== WHAT TO PRODUCE ==
Below are the records; give again exactly the lines from the one containing "waistband with drawstring" through the one containing "Seams: The headboard", leaving out pictures.

== MATERIAL SHOWN ==
- - -

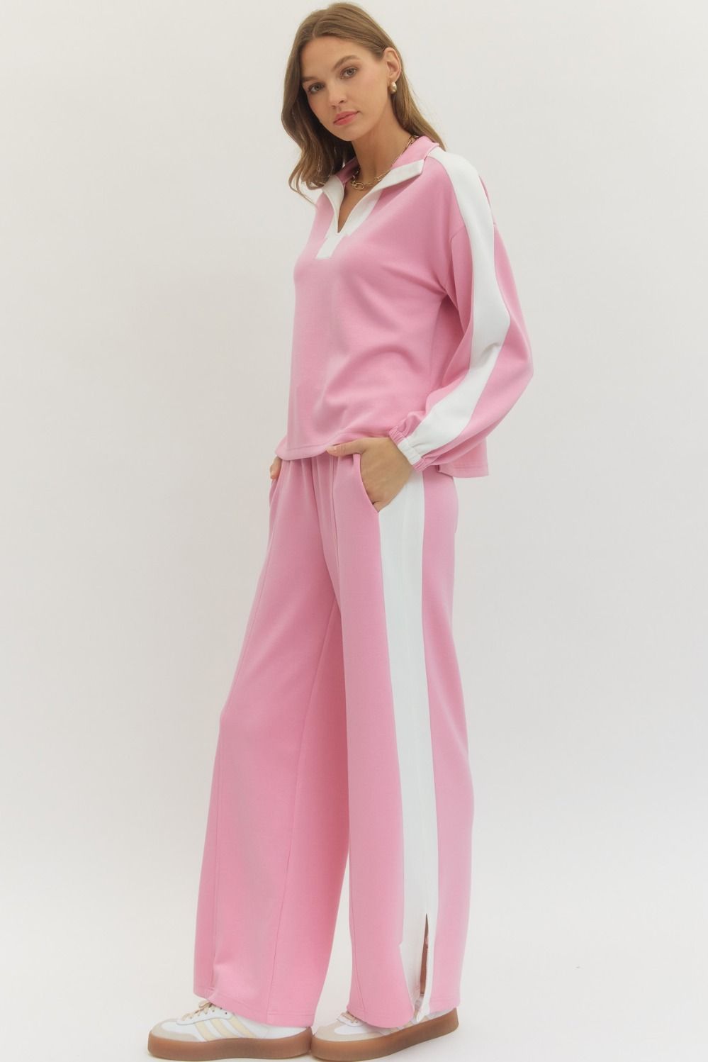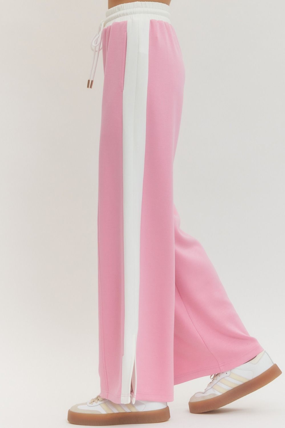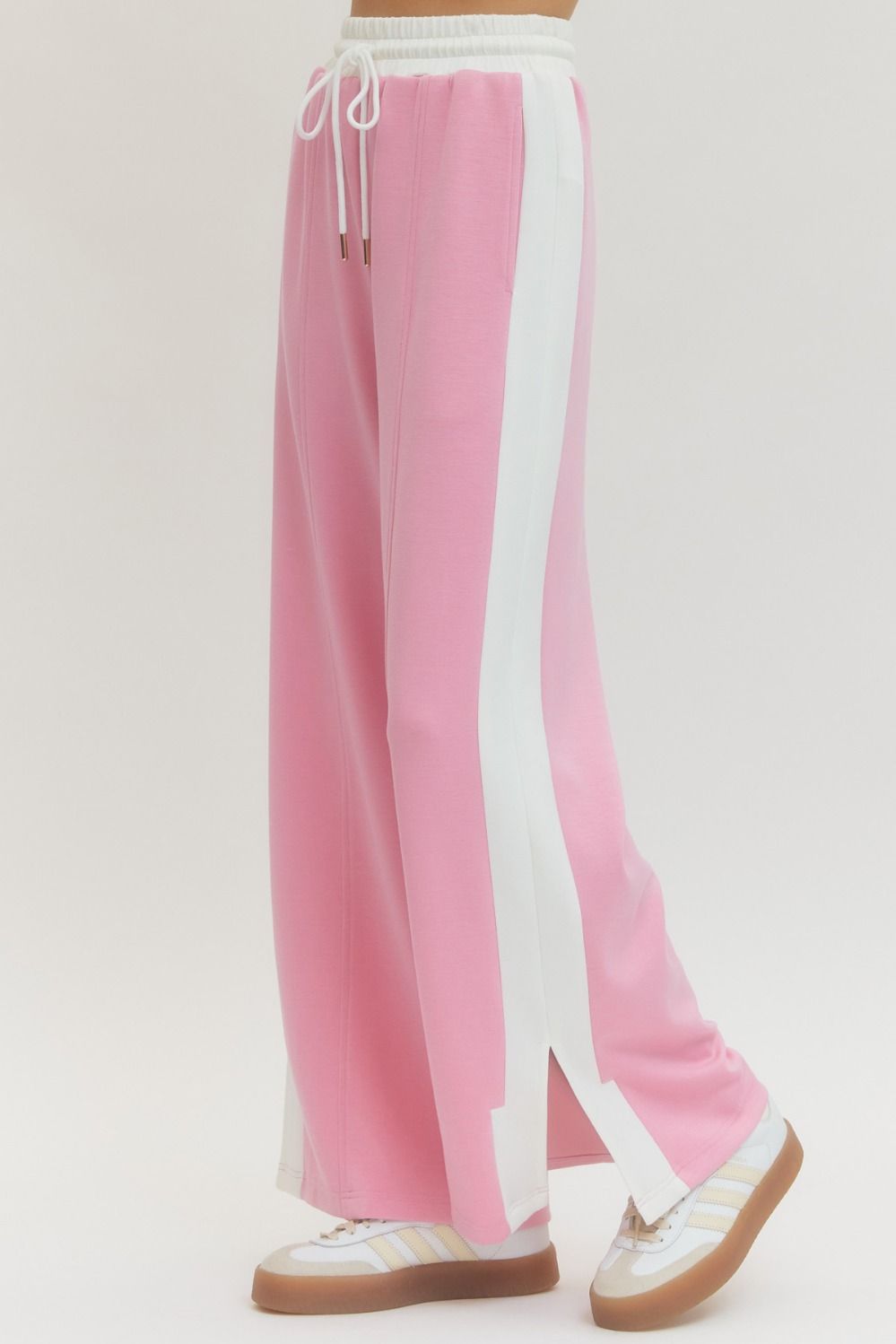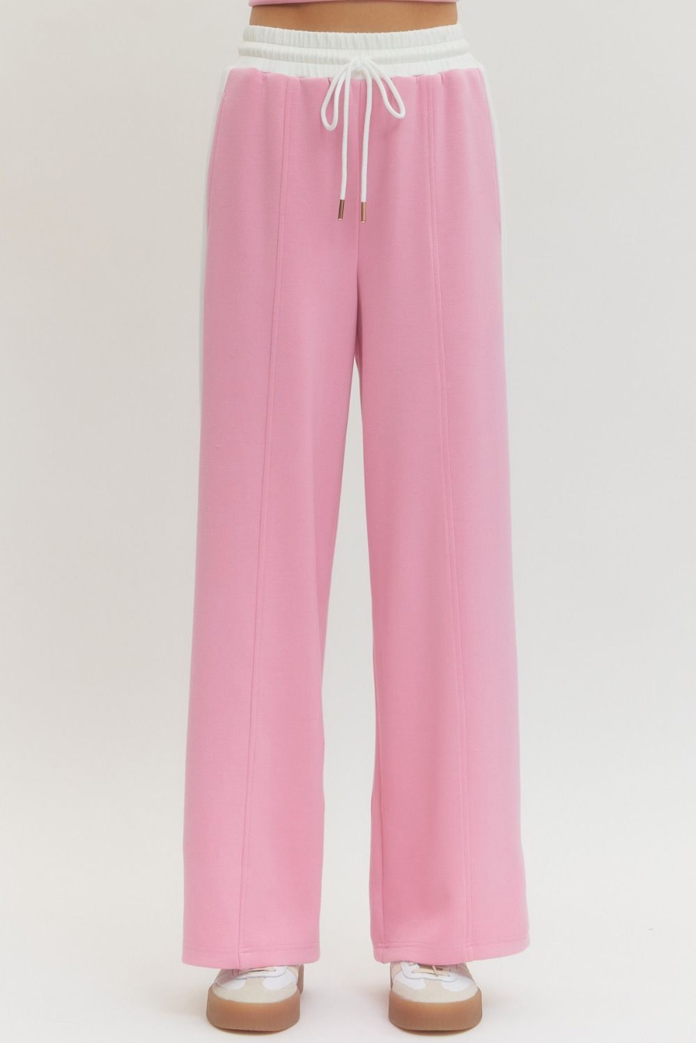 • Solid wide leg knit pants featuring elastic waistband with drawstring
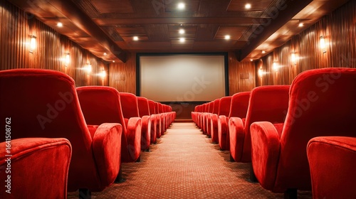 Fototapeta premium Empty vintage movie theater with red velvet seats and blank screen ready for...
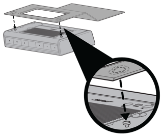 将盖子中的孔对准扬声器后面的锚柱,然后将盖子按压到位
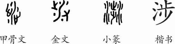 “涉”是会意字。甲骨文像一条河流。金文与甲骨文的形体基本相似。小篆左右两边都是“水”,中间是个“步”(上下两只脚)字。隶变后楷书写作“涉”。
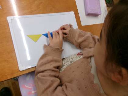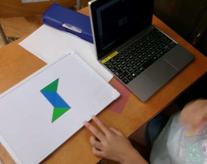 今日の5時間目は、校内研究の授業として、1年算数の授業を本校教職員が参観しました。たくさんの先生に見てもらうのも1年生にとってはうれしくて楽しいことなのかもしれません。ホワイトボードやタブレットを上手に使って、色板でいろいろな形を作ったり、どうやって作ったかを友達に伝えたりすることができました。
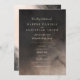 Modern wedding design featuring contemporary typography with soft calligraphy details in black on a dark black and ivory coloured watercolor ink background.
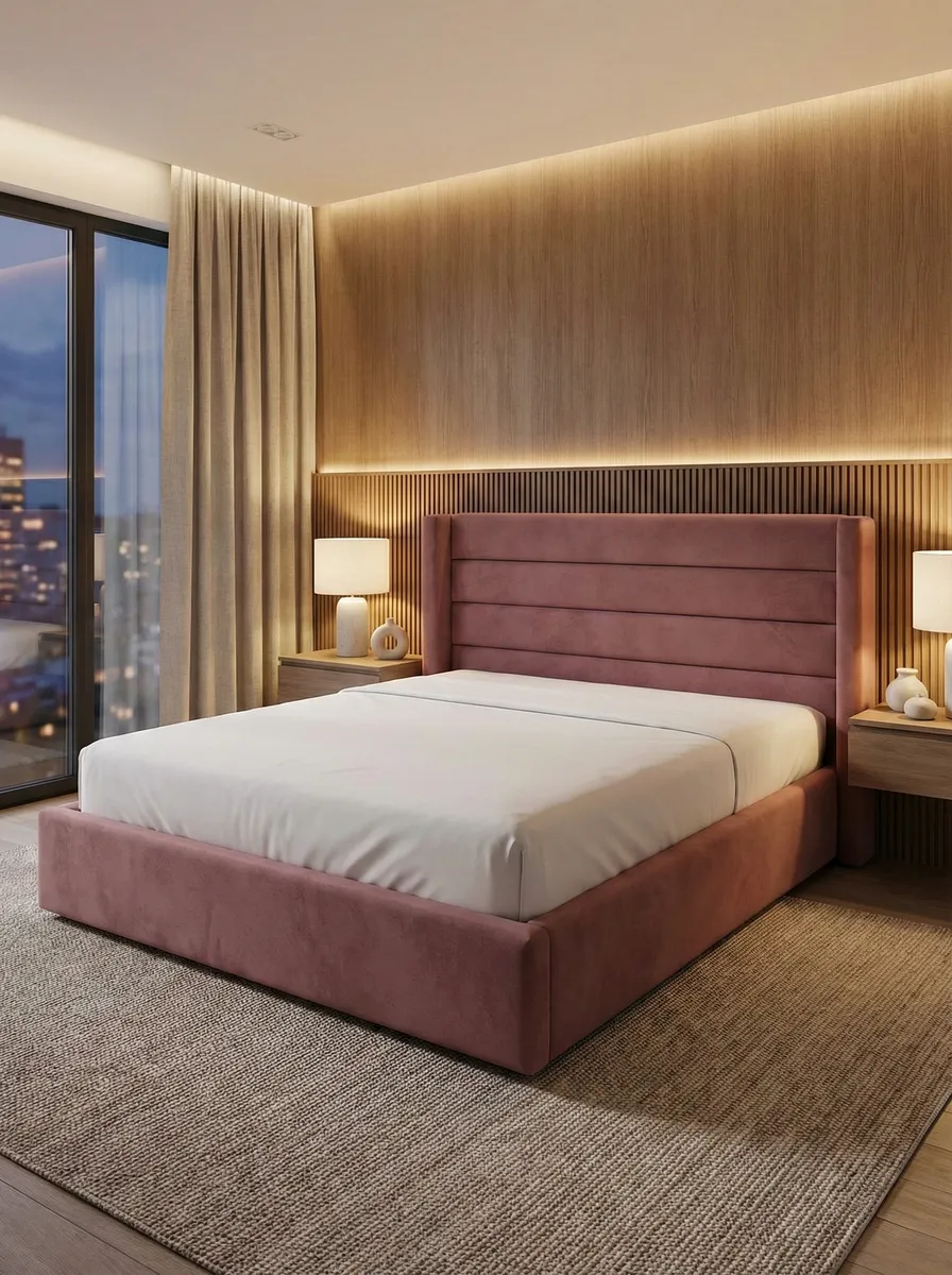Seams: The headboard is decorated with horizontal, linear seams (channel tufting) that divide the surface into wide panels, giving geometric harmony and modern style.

- - -

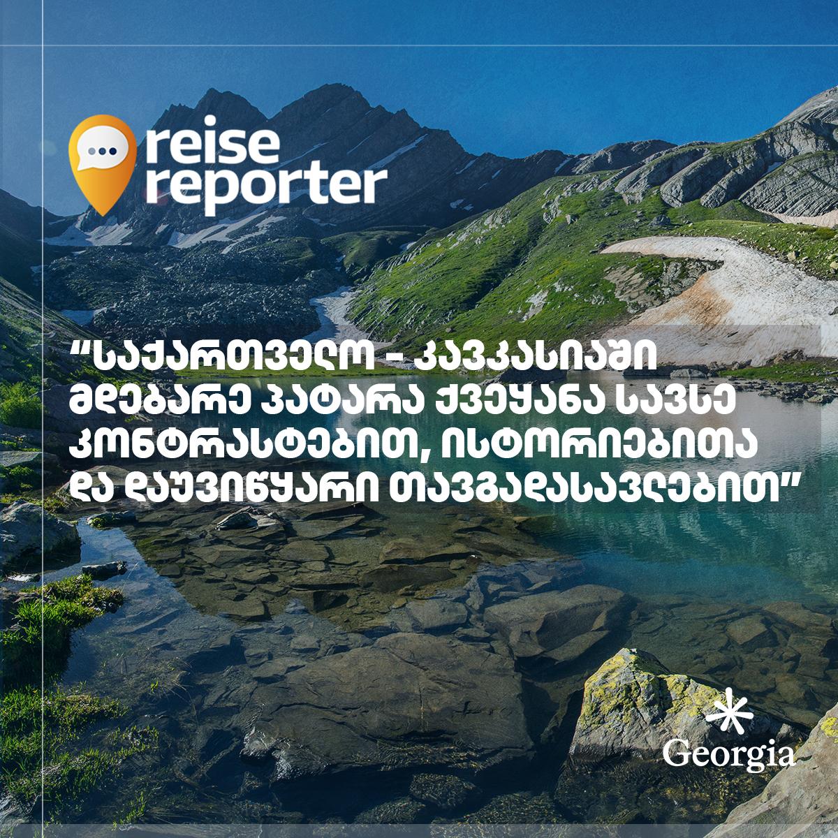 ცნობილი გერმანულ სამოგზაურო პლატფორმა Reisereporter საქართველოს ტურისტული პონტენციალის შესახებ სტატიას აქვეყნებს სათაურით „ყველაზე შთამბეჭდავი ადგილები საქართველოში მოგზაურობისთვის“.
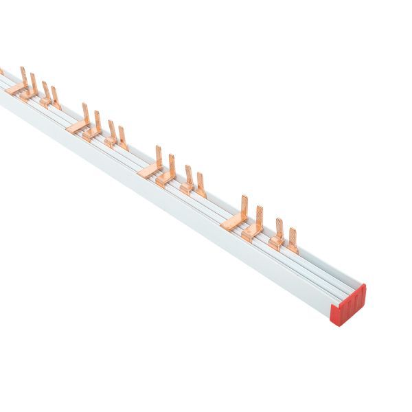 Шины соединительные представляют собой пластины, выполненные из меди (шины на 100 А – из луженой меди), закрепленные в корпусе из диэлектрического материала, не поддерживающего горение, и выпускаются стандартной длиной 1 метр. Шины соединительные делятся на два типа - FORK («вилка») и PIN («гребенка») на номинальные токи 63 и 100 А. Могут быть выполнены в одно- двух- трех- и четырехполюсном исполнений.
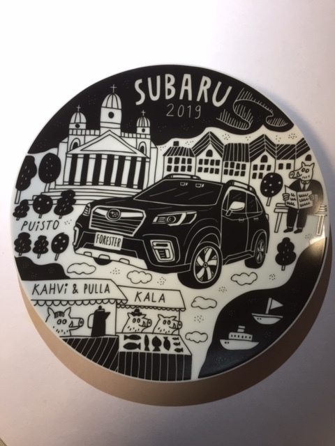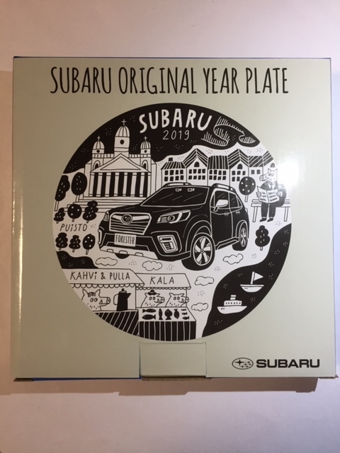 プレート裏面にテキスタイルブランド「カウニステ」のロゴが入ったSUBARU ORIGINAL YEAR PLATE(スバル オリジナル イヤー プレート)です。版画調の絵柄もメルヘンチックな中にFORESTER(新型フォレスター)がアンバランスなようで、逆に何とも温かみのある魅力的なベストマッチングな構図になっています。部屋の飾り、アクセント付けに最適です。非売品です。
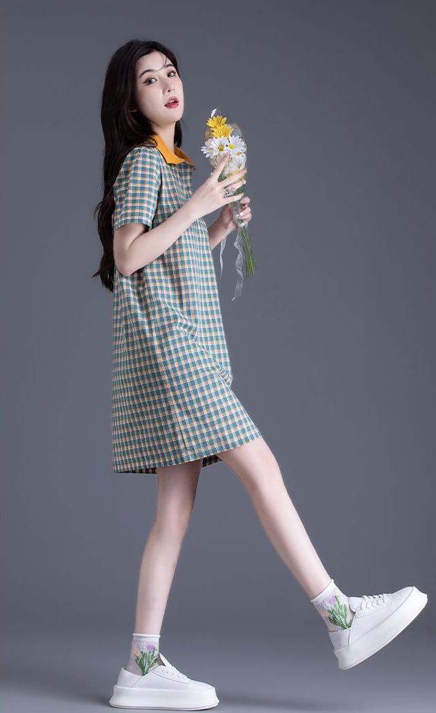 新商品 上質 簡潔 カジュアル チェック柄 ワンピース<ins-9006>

- - -

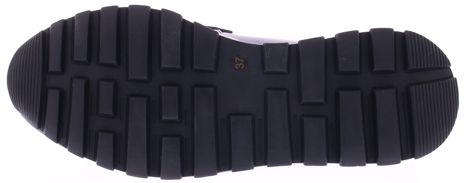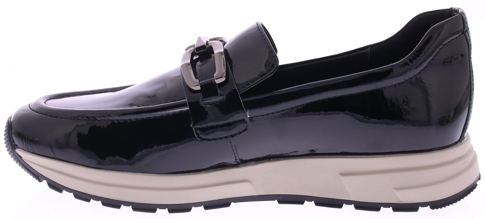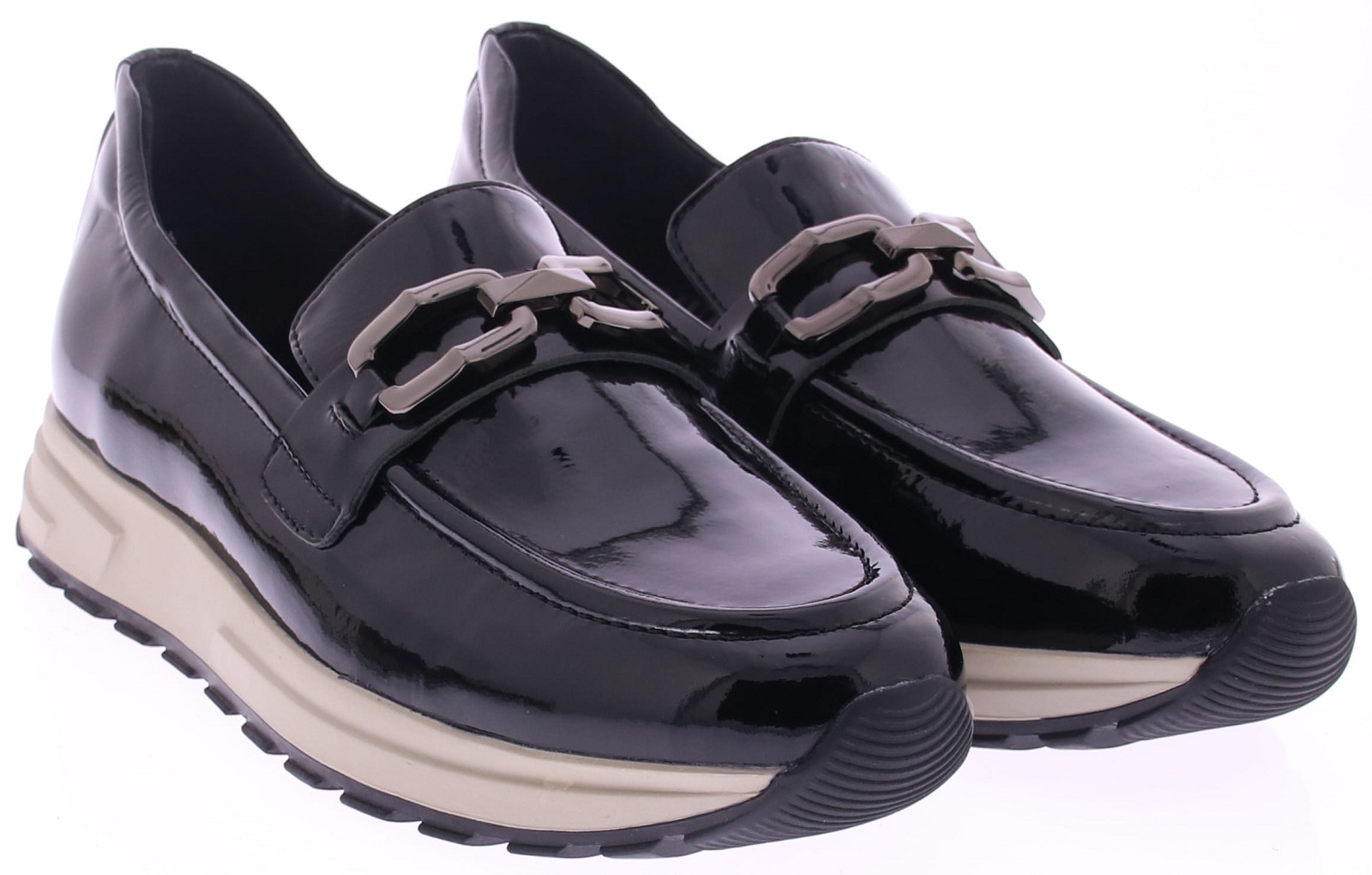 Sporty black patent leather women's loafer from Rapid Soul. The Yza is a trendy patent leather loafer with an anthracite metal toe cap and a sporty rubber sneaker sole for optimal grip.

- - -

== TASK RESULT ==
 • Solid wide leg knit pants featuring elastic waistband with drawstring
 Fototapeta premium Empty vintage movie theater with red velvet seats and blank screen ready for...
 将盖子中的孔对准扬声器后面的锚柱,然后将盖子按压到位
 “涉”是会意字。甲骨文像一条河流。金文与甲骨文的形体基本相似。小篆左右两边都是“水”,中间是个“步”(上下两只脚)字。隶变后楷书写作“涉”。
 今日の5時間目は、校内研究の授業として、1年算数の授業を本校教職員が参観しました。たくさんの先生に見てもらうのも1年生にとってはうれしくて楽しいことなのかもしれません。ホワイトボードやタブレットを上手に使って、色板でいろいろな形を作ったり、どうやって作ったかを友達に伝えたりすることができました。
 Modern wedding design featuring contemporary typography with soft calligraphy details in black on a dark black and ivory coloured watercolor ink background.
Seams: The headboard is decorated with horizontal, linear seams (channel tufting) that divide the surface into wide panels, giving geometric harmony and modern style.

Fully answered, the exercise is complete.